General Counsel and Director of Human Resources Hi-Temp Specialty Metals, Inc,
Aug 2008 – Jul 2016
- Analyzed the terms and conditions of agreements and contracts, including financing documents, and negotiated revisions to ensure favorable outcomes for the organization.
- Updated the Employee Handbook.
- Standardized several regularly-used contracts.
- Implemented IP protection procedures including confidentiality agreements.
- Developed and presented Anti-Harassment Training for Supervisors and safety-training programs for production workers, to increase employee compliance.
- Conducted a three-months-long due diligence investigation for a possible acquisition.
- Created and delivered orientation sessions for new hires, including discussion of safety & HR policies. Began bi-lingual sessions.
Education
- St. John’s University School of Law, Juris Doctor (JD) – 1995
- St. John’s University, Bachelor of Arts (BA) in Literature – 1993
Description of Practice
Thomas M. Farrell has a business law practice, representing organizations of various sizes and sophistication, ranging from small and family-owned enterprises to medium-sized, well-established businesses. My mission is to bring sophisticated legal services to these entrepreneurs at an affordable rate, protecting both the owners’ personal assets and the business’s assets.

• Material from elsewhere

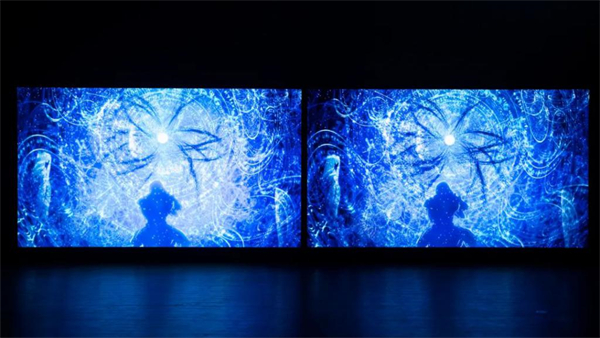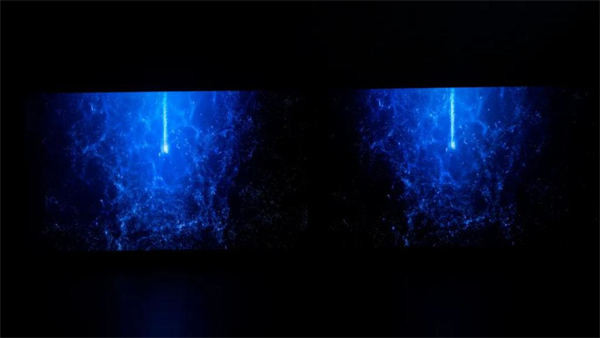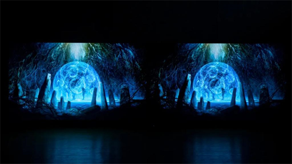 而在以黑色为背景色 / 环境色的场景中,拥有分区背光的小米电视 ES Pro 在高亮的白场与黑暗的黑场过渡明显对比度更高;没有分区背光的 Redmi 智能电视 X 2022 款在过渡处始终有一层淡淡的光晕。

For start-up ventures and locally oriented businesses, I provide advice on both immediate concerns and on long-term planning. The formation of and maintenance of legal structures for doing business — corporations, limited liability companies and other entities — are matters I handle regularly. In addition, government filings, licenses, and individually crafted shareholder or member agreements will also come into focus. My careful analysis of real estate leases, franchise documents, and other complex legal documents will contribute to the long-term growth of the enterprise by highlighting long-term obligations and enabling appropriate planning.
To further contribute to my clients’ growth, I will structure or negotiate financing arrangements, ranging from traditional-source loans to the use of equity and debt securities; explore and explain venture capital financings; and give advice regarding stock and asset acquisitions (sometimes involving mergers). I am well-versed in assisting management with reports to State and Federal regulatory agencies; my experience enables me to anticipate regulatory issues peculiar to each client, and assist in designing and implementing compliance programs.
For clients of all sizes, I will draw upon my 20-plus years of experience to negotiate and draft a broad array of agreements, including sale or purchase of a business, non-competition agreements, contracts between suppliers and customers, and intellectual property licenses. Issues affecting employee training, executive compensation, employment contracts, manufacturing, and franchising opportunities are also regular parts of my practice. Critical internal matters such as protection of Confidential Information will be addressed proactively, turning potential trouble spots into support for the bottom line.
As small clients grow and established clients’ needs become more complicated, I will suggest ways to implement effective corporate governance programs. These programs will be tailored (as only a solo practitioner can) to meet each individual client’s needs, addressing policy issues ranging from discrimination, privacy, and Internet-related matters, to sexual harassment and other issues. Governance advice can also relate to good “corporate citizenship” for those companies interested in participating in or contributing to community life; in this respect, my clients will benefit from my considerable experience with not-for-profit corporations.